ANCHOR: Here now, with local reaction to todays Supreme Court ruling is KSWT13 reporter Steven Commer. Steven.
STEVEN COMMER: Good afternoon, Stephanie. Yuma is, of course, a border town. The immigration issue is both complex and polarizing. Today I got reaction from law enforcement, an immigration attorney, and you.
WOMAN: We should get tough.
MAN: It’s unbelievable.
WOMAN: They should be required to carry those papers. Just like your driver's license and proof of insurance. It's not a big deal
COMMER: BUT SB1070 is a big deal. Big enough for the US Supreme Court, and what US Justices necessary view as countless shades of grey, to many the issue is black and white.
WOMAN: If they are here, not supposed to be here, they are not illegal immigrants, they are invaders.
MAN: I think we have an amnesty president and our supreme court won't uphold our laws and our borders are open. We're in a recession, and I think we need a new president
COMMER: But immigration laws are far from simple.
KELLY SMITH: Immigration law is considered one of the most complex series of laws, second only to tax laws. Some people would argue maybe more.
COMMER: With such complex laws, and a much-anticipated Supreme Court ruling, one would think local law enforcement would be gearing up for some big changes. But that’s just not so.
CAPT. EBEN BRATCHER: We absolutely see zero impact on our day-to-day operations here. For some time, the Sheriff’s Office has been working closely with Border Patrol and if our officers encounter someone we suspect is in the country illegally, we call Border Patrol.
COMMER: While people remain divided on immigration policies, most agree on one point:
SMITH: Comprehensive immigration reform is needed. Of course, the problem is whether comprehensive immigration reform can be undertaken because of the political ramifications.

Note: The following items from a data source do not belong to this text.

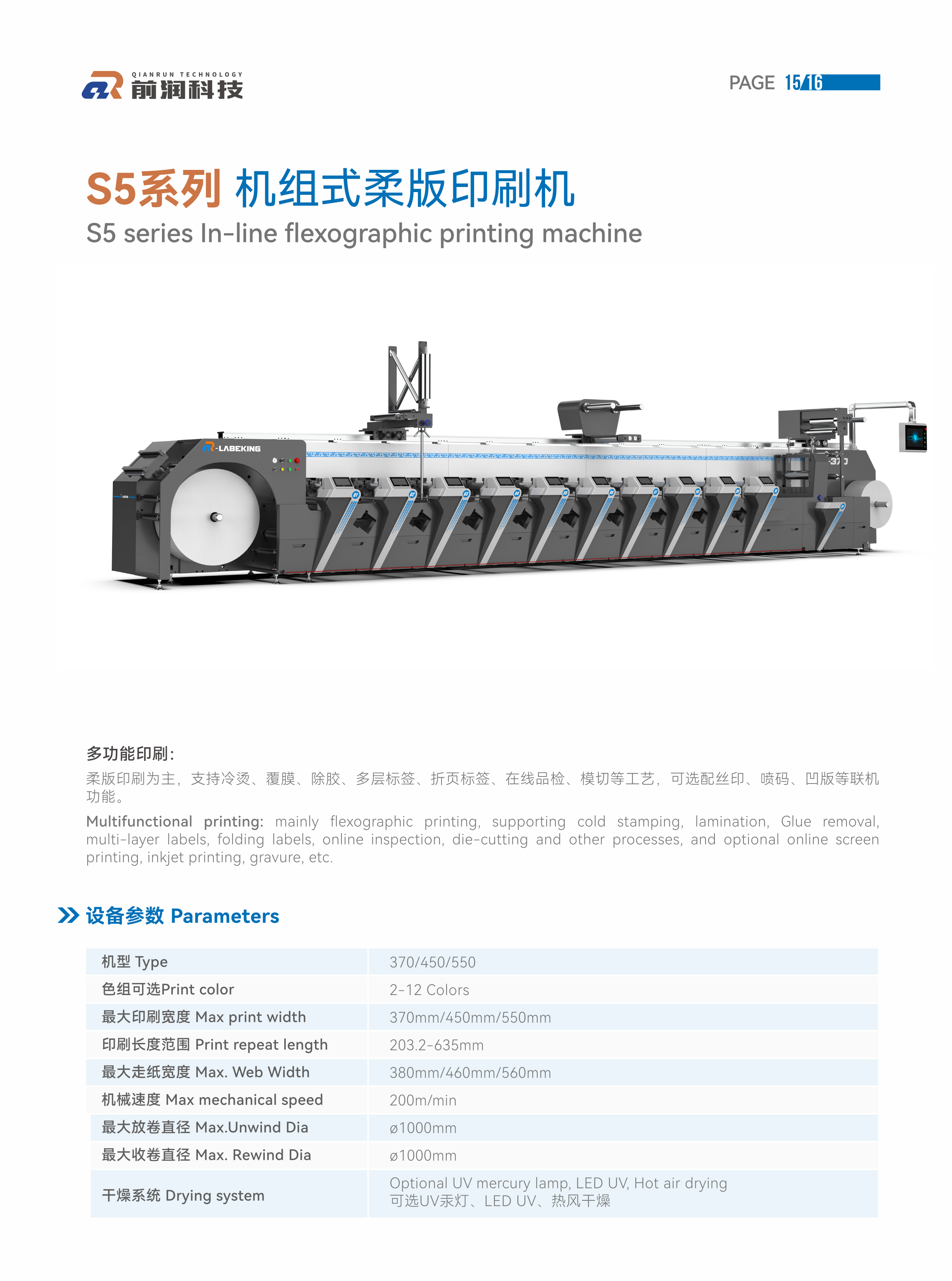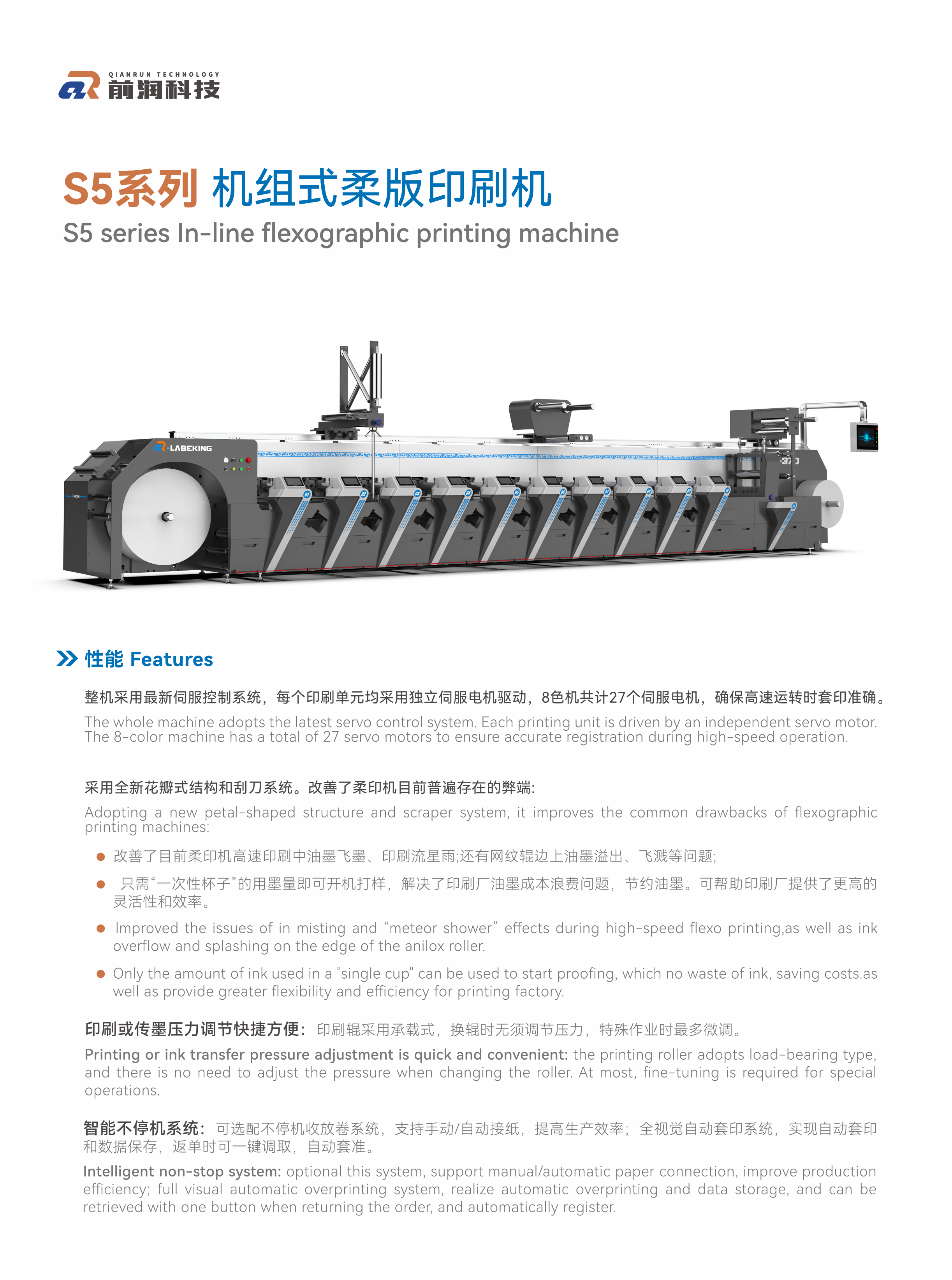 5??多功能印刷: 柔版印刷為主,支持冷燙、覆膜、除膠、多層標(biāo)簽、折頁標(biāo)簽、在線品檢、模切等工藝,可選配絲印、噴碼、凹版等聯(lián)機(jī)功能。
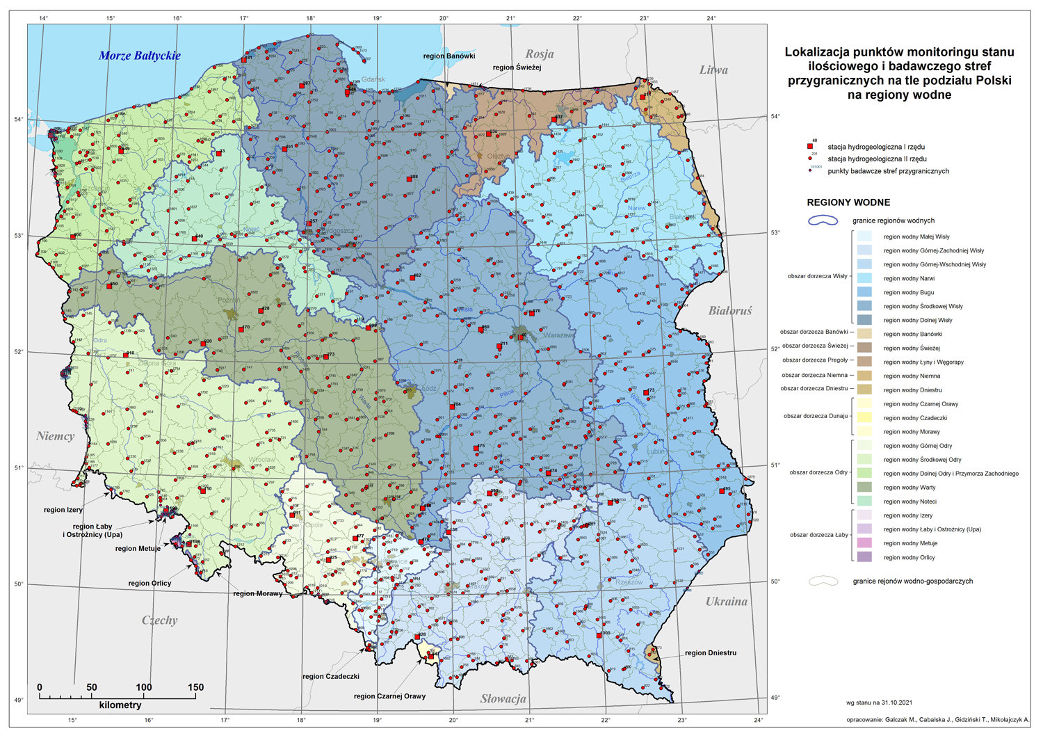 Ryc. 2. Lokalizacja punktów monitoringu stanu ilościowego – stacji hydrogeologicznych sieci obserwacyjno-badawczej wód podziemnych PIG-PIB na tle podziału Polski na regiony wodne.
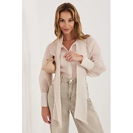Dámska košeľa klasického strihu, ktorá je ideálna na každodenné nosenie, do práce aj na formálnejšie udalosti. Model so štandardnou dĺžkou a zapínaním na gombíky spája nadčasovú eleganciu s modernými detailmi. Je vyrobený z príjemnej zmesi lyocellu a polyesteru, ktorá poskytuje pohodlie a odolnosť. Tkaninu zdobí jemný pruhovaný vzor, ktorý celku dodáva ľahkosť a štýl. Košeľa má nadýchané rukávy zakončené širokými manžetami, ktoré dodávajú výrazný tvar. Ďalšou výhodou je šnurovanie pri krku, ktoré umožňuje vytvoriť elegantnú mašľu alebo voľný strih v závislosti od príležitosti.
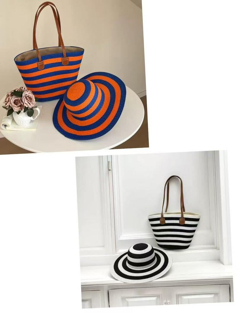 Magnifique ensemble de sac et chapeau en paille rayés, idéal pour une journée à la plage ou en ville. Confort et style assurés avec ces accessoires originaux et tendance. Disponible en plusieurs coloris.
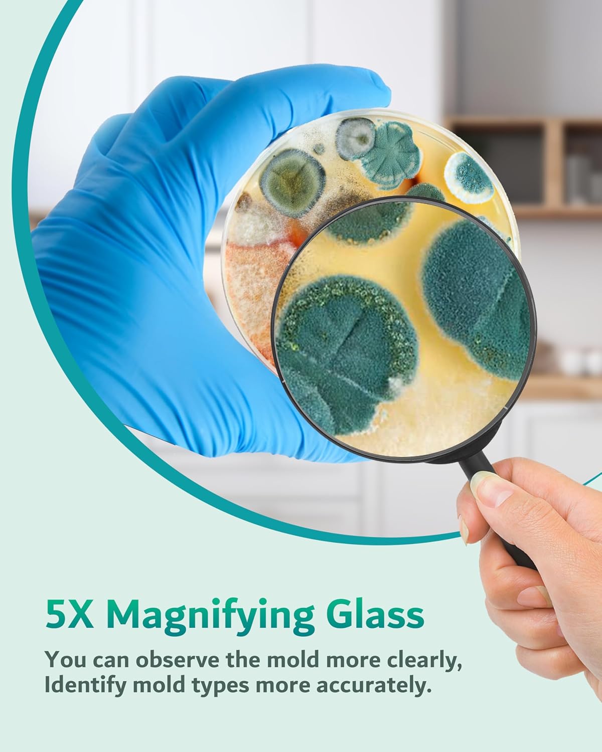 【𝗔𝗹𝗹 𝗬𝗼𝘂 𝗡𝗲𝗲𝗱𝘀 𝗜𝗻𝗰𝗹𝘂𝗱𝗲𝗱】Our best home mold testing kit includes 8 test plates, a 5X magnifying glass(for better visibility), a comprehensive mold guide and removal instructions, enough swabs, label sheets, and test gloves. Everything necessary for effective and thorough mold testing and observation at home included.

COMMER: Those ramifications are, of course, a reference to the 2012 elections. It would seem immigration reform is the hot potato neither side of the aisle wants to handle before November. As for local Border Patrol, they've been instructed not to talk to the media, at least for now. They're referring questions to the press office of Homeland Security in Washington. So far, our inquiry has gone unanswered.